Just one day after the New York State Bar Association (NYSBA) Task Force on the New York Bar Examination recommended that the postponed July bar exam be rescheduled for a date close to Labor Day, the Court of Appeals met and decided it agreed.
In an announcement late Tuesday, the Court of Appeals said it is seeking to reschedule the postponed July bar exam for some time in early September, shortly before or after the September 7 Labor Day holiday.
“I commend the Court of Appeals for taking such decisive action at this unprecedented time of uncertainty,” said NYSBA President Henry M. Greenberg. “It gives law students who have worked so hard a measure of comfort and predictability to know that the highest court in New York is on their side.”
The Court of Appeals acknowledged, however, that logistical and other challenges may prevent administration of the bar exam in early September, which may in turn delay the ability of spring 2020 law graduates to engage in full legal employment.

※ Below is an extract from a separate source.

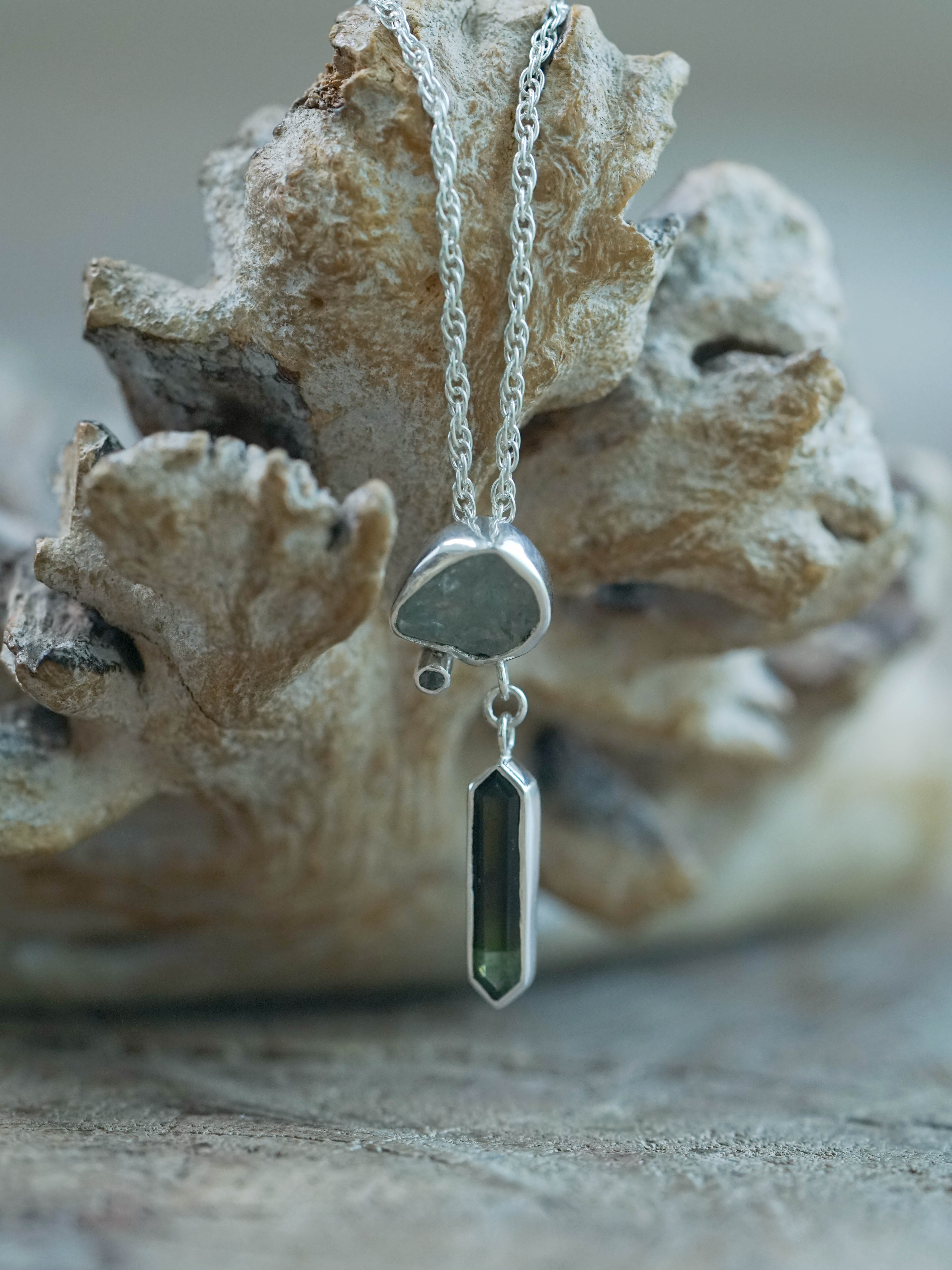 The Montana Sapphire and Tourmaline Necklace feels like a gasp of air after surfacing from the deep, when every nerve in your body lights up and the world rushes back in. Montana sapphire brings that brightness: truth, clarity, and the innocence of its pale sky blue. Tourmaline joins in as the protector, dark and grounding at first, then softening into olive, teal, and bottle green. Together they play between daring and tender, freedom and safety, innocence and edge.

“Therefore, the Chief Judge on behalf of the Court will also explore the expansion of authority for practice orders that allow law graduates who meet specified criteria to engage in certain law practice under supervision of licensed attorneys,” said the statement from the Court of Appeals.
This would allow private sector attorneys and law firms to apply to the Appellate Division for practice orders, and to allow such orders to include law graduates who are awaiting the administration of the first bar exam following their graduation, as well as law graduates who are awaiting results of the bar exam and meet the required criteria.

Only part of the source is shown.